**HOW TO COMPLETE THIS TASK:**
Set down every entry exactly as given. Pictures are to be left out.

[Records from a data source]
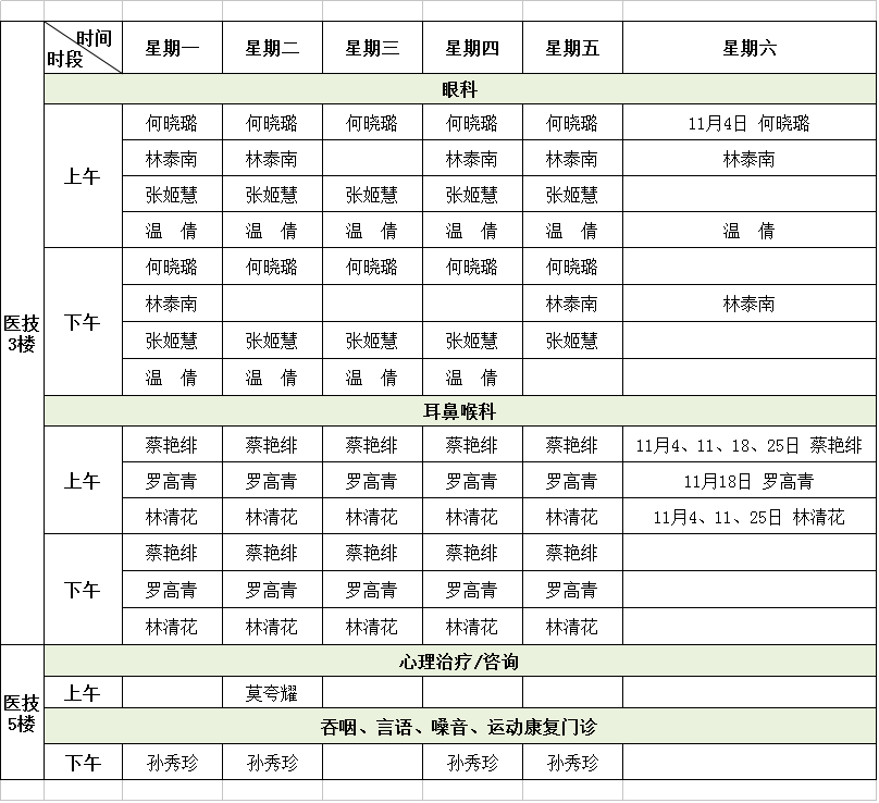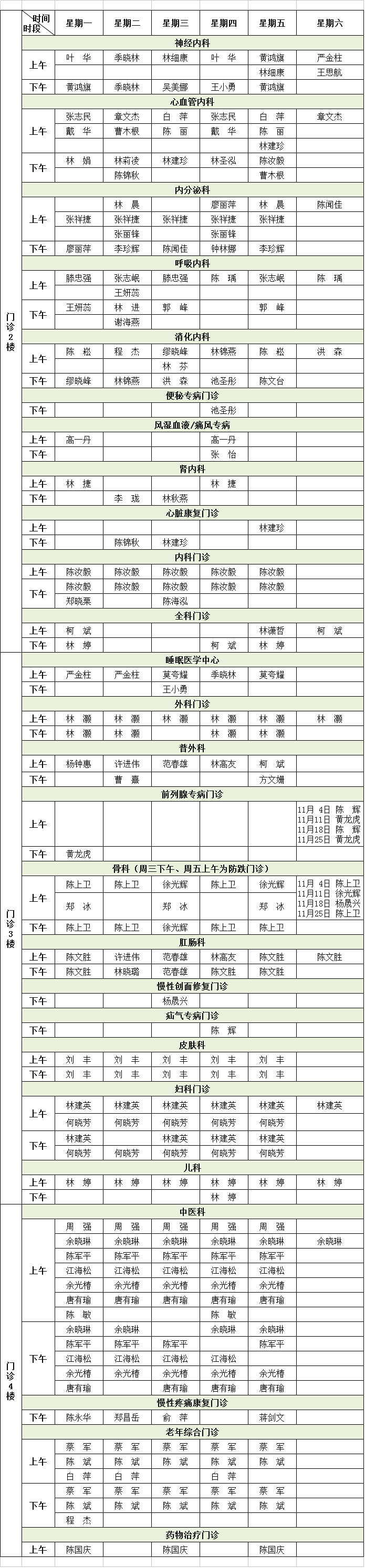 国产自拍av 2023年11月专家门诊排班表来啦!有需要的小伙伴赶紧收藏。
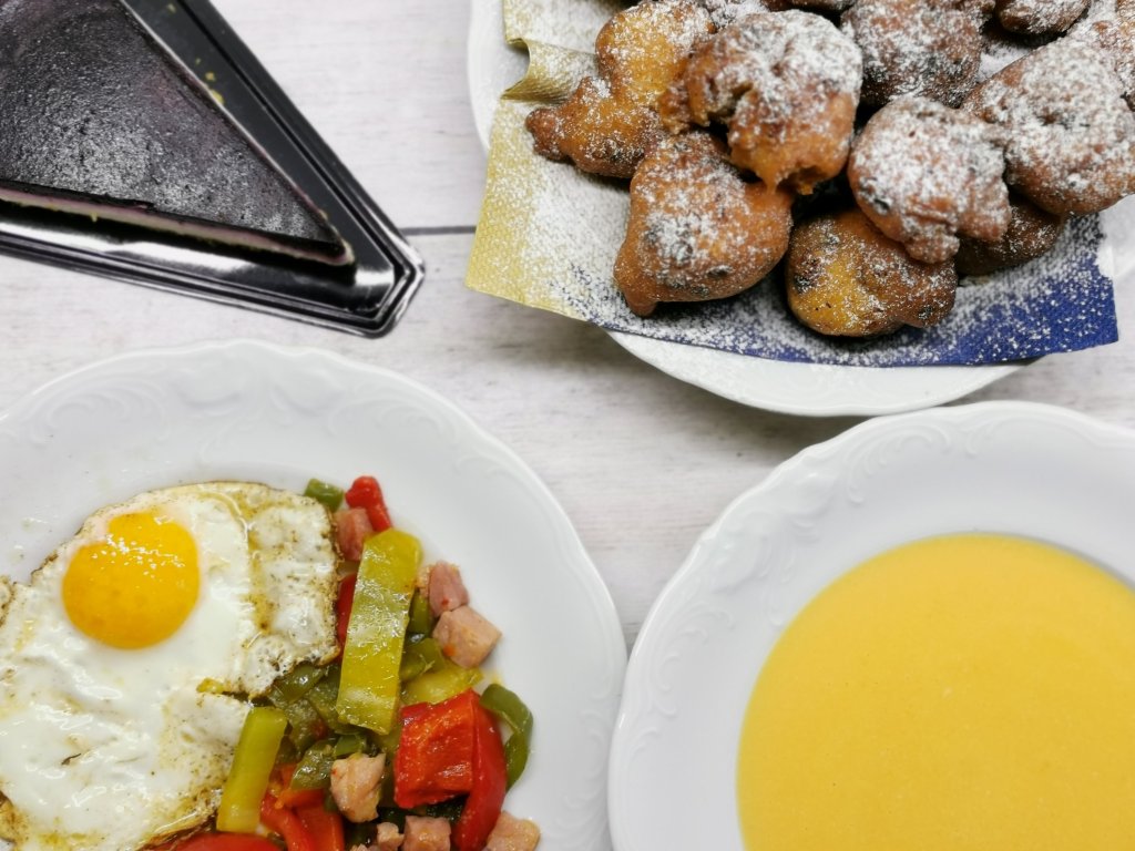 LCHF: pečena paprika, pečena jajčka, borovničeva torta brez moke in sladkorja (Mercator)
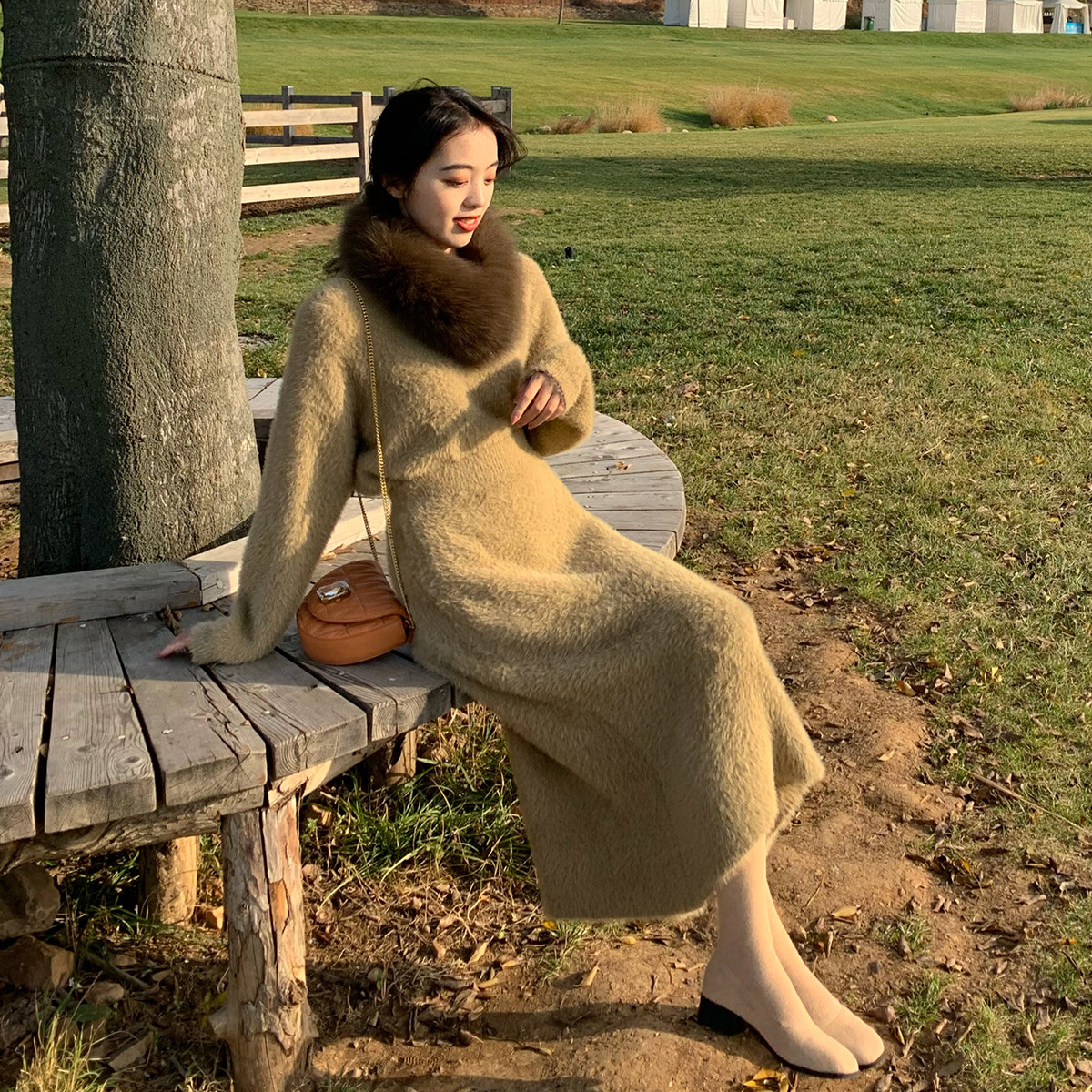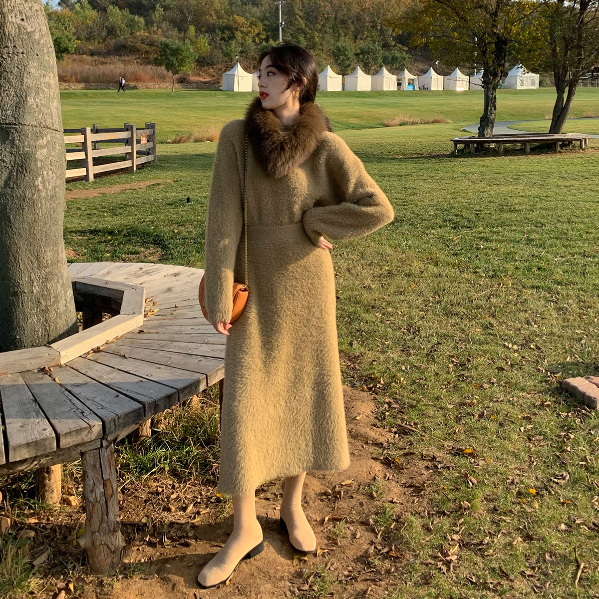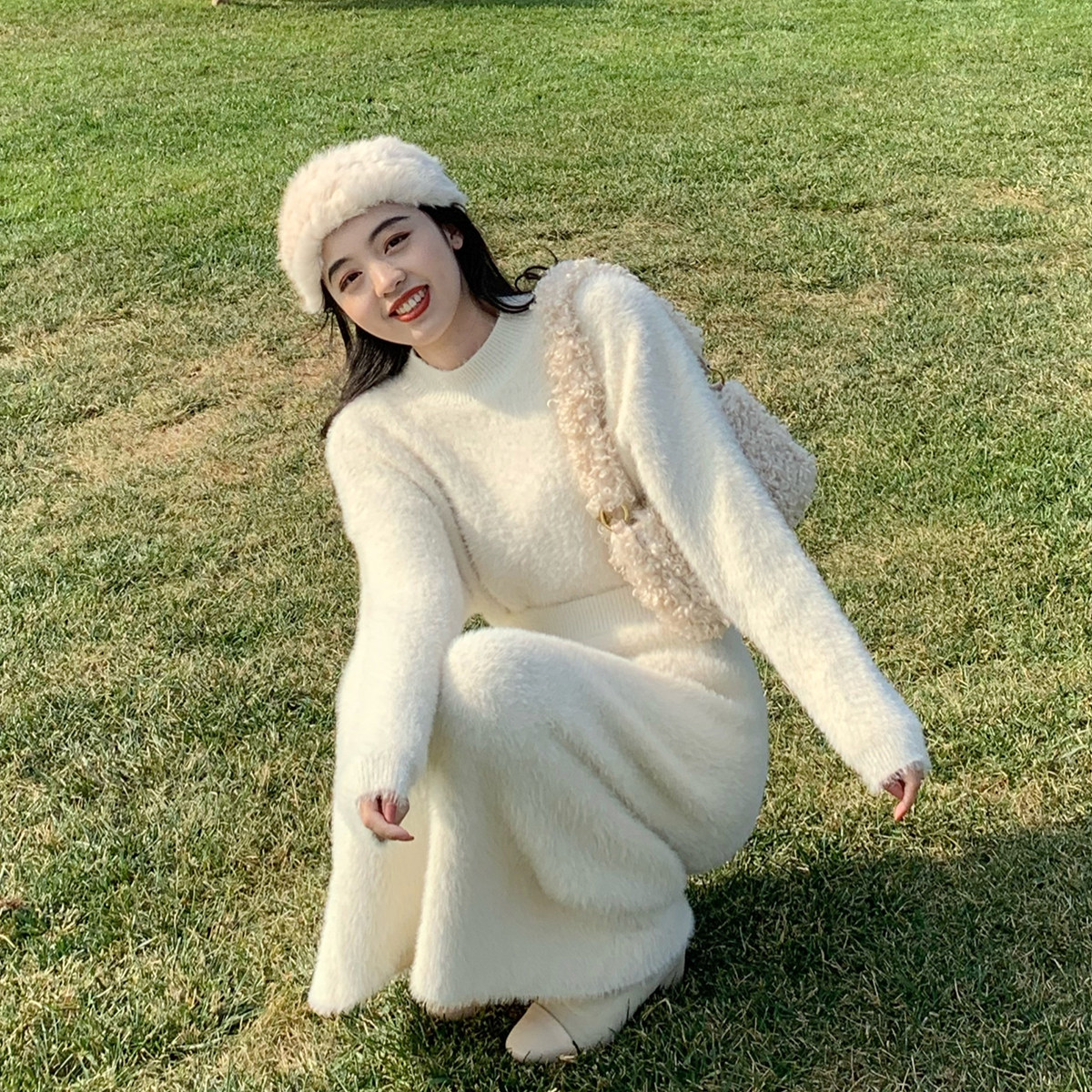 SYT gentle little man autumn and winter suit women's imitation mink fleece sweater skirt two-piece knitted dress
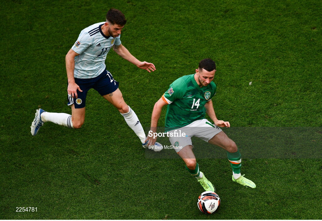 11 June 2022; Alan Browne of Republic of Ireland and Ryan Christie of Scotland during the UEFA Nations League B group 1 match between Republic of Ireland and Scotland at the Aviva Stadium in Dublin. Photo by Ben McShane/Sportsfile
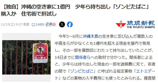 今年5月至6月期间,日本冲绳县一群少年偷偷闯入当地的一间空屋,没想到在屋里发现超过1亿日元(约合人民币459万元)的巨额现金。
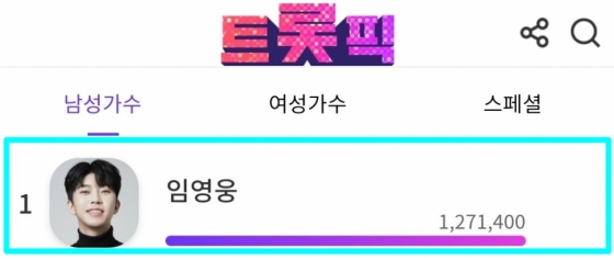 임영웅은 트로트 스타 웹서비스 트롯픽(Trotpick)에서 1월 17일부터 1월 23일까지 진행된 위클리 투표에서 127만 1400표로 압도적 1위를 차지했다.
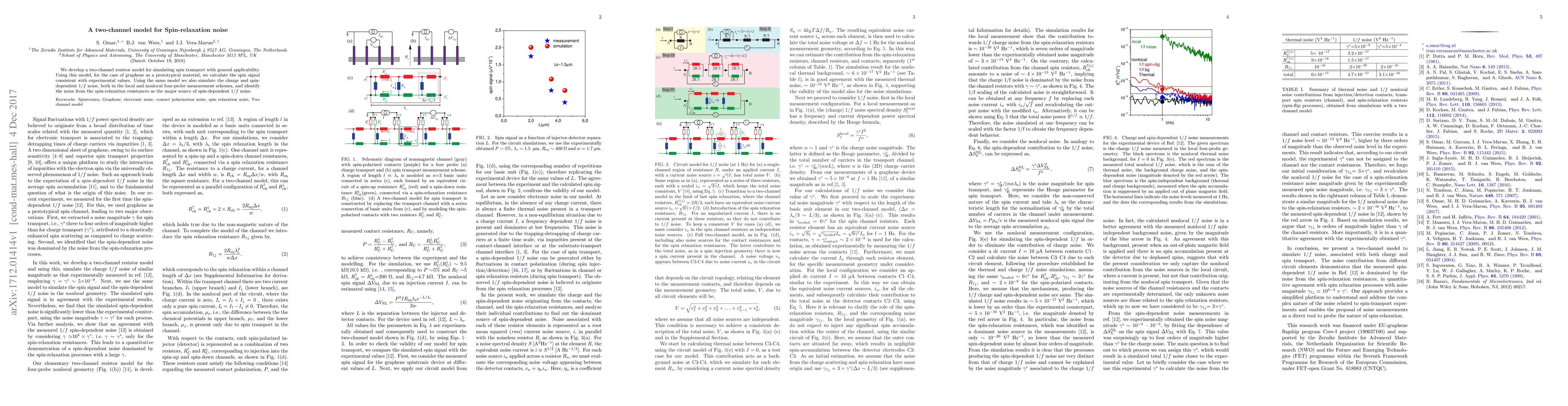 This paper introduces a two-channel resistor model for simulating spin transport in graphene, demonstrating its applicability by calculating spin signals that match experimental values. It also identifies spin-relaxation resistances as the primary source of spin-dependent 1/f noise in both local and nonlocal measurements.
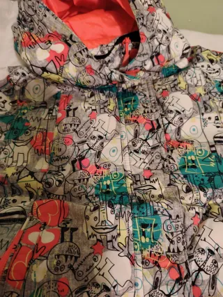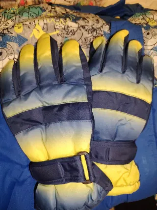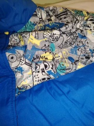 Conjunto de ropa para la nieve con un divertido estampado de monstruos. - Diseño con personajes animados en blanco, negro, azul y amarillo. - Tejido exterior azul electrico liso. -Talla 15-16 Más guantes de regalo
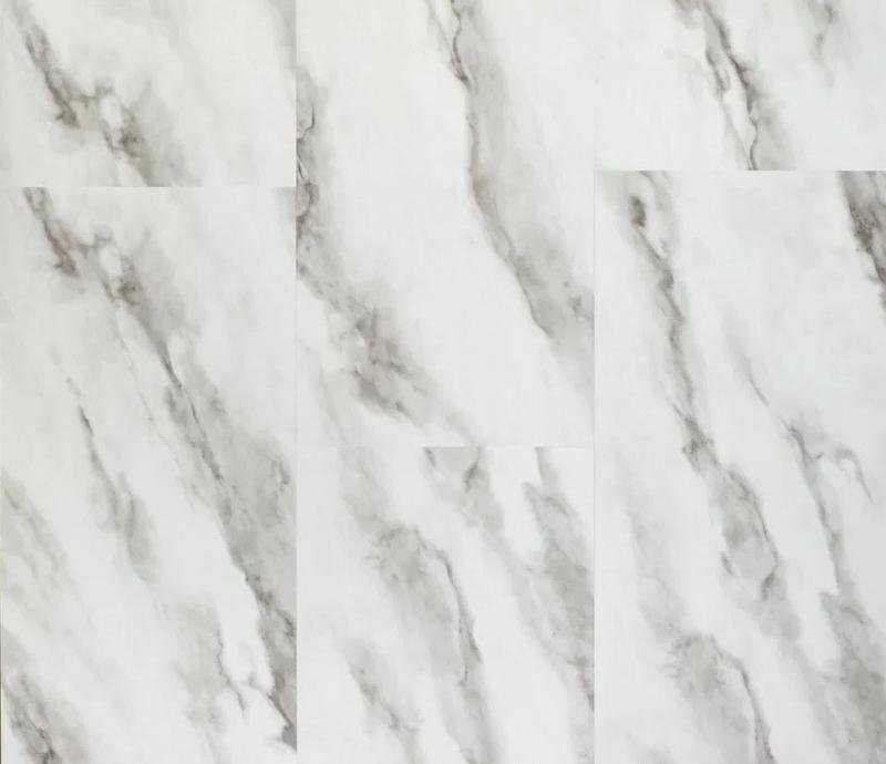 Влагостойкая виниловая SPC плитка 42 класса Jersey в однополосном декоре Мрамор Верде (Verde Marble) бело-чёрного цвета с фаской по периметру для плавающего способа укладки, толщиной 4,5 мм от производителя ROYCE. Дизайн выполнен под белый мрамор Напольное покрытие Jersey Мрамор Верде (J409) продаётся упаковками по 8 планок размером 305×610 мм общей площадью 1.488 м².
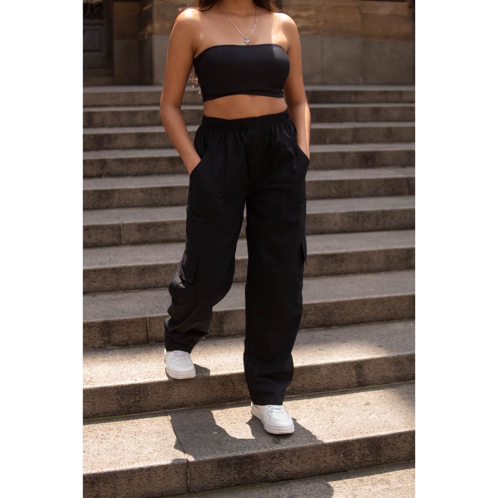 CALÇA CARGO JEANS COM ELASTICO E CORDÃO NA CINTURA 6 BOLSOS
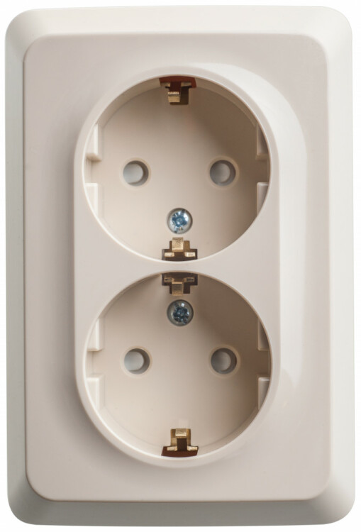 Розетка 2х2P+E угловая со шторками кремовый Этюд
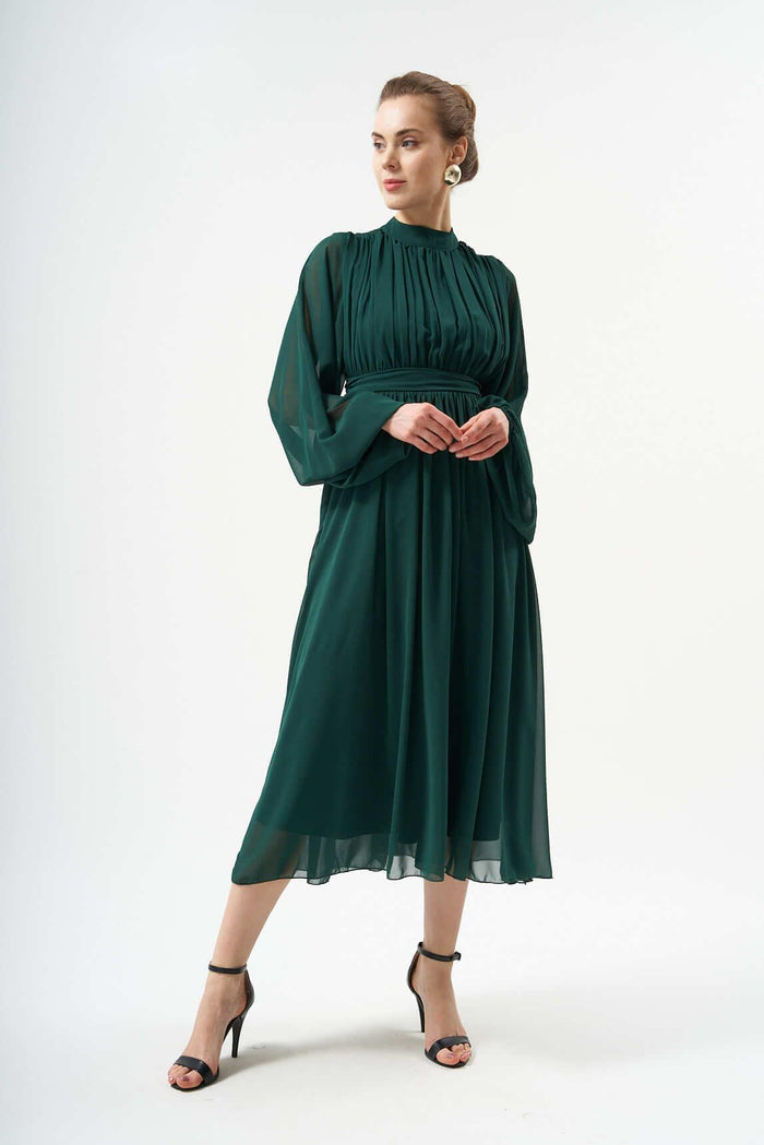 The design features a modest high-collar neckline and a delicately pleated bodice that leads into a wide, defining waistband. The highlight of this piece is the sheer, billowy sleeves that add an airy, romantic touch, while the flowing skirt ends in a translucent hemline, creating a beautiful sense of depth and movement.

**OUTPUT FOR THIS TASK:**
 国产自拍av 2023年11月专家门诊排班表来啦!有需要的小伙伴赶紧收藏。
 LCHF: pečena paprika, pečena jajčka, borovničeva torta brez moke in sladkorja (Mercator)
 SYT gentle little man autumn and winter suit women's imitation mink fleece sweater skirt two-piece knitted dress
 11 June 2022; Alan Browne of Republic of Ireland and Ryan Christie of Scotland during the UEFA Nations League B group 1 match between Republic of Ireland and Scotland at the Aviva Stadium in Dublin. Photo by Ben McShane/Sportsfile
 今年5月至6月期间,日本冲绳县一群少年偷偷闯入当地的一间空屋,没想到在屋里发现超过1亿日元(约合人民币459万元)的巨额现金。
 임영웅은 트로트 스타 웹서비스 트롯픽(Trotpick)에서 1월 17일부터 1월 23일까지 진행된 위클리 투표에서 127만 1400표로 압도적 1위를 차지했다.
 This paper introduces a two-channel resistor model for simulating spin transport in graphene, demonstrating its applicability by calculating spin signals that match experimental values. It also identifies spin-relaxation resistances as the primary source of spin-dependent 1/f noise in both local and nonlocal measurements.
 Conjunto de ropa para la nieve con un divertido estampado de monstruos. - Diseño con personajes animados en blanco, negro, azul y amarillo. - Tejido exterior azul electrico liso. -Talla 15-16 Más guantes de regalo
 Влагостойкая виниловая SPC плитка 42 класса Jersey в однополосном декоре Мрамор Верде (Verde Marble) бело-чёрного цвета с фаской по периметру для плавающего способа укладки, толщиной 4,5 мм от производителя ROYCE. Дизайн выполнен под белый мрамор Напольное покрытие Jersey Мрамор Верде (J409) продаётся упаковками по 8 планок размером 305×610 мм общей площадью 1.488 м².
 CALÇA CARGO JEANS COM ELASTICO E CORDÃO NA CINTURA 6 BOLSOS
 Розетка 2х2P+E угловая со шторками кремовый Этюд
 The design features a modest high-collar neckline and a delicately pleated bodice that leads into a wide, defining waistband. The highlight of this piece is the sheer, billowy sleeves that add an airy, romantic touch, while the flowing skirt ends in a translucent hemline, creating a beautiful sense of depth and movement.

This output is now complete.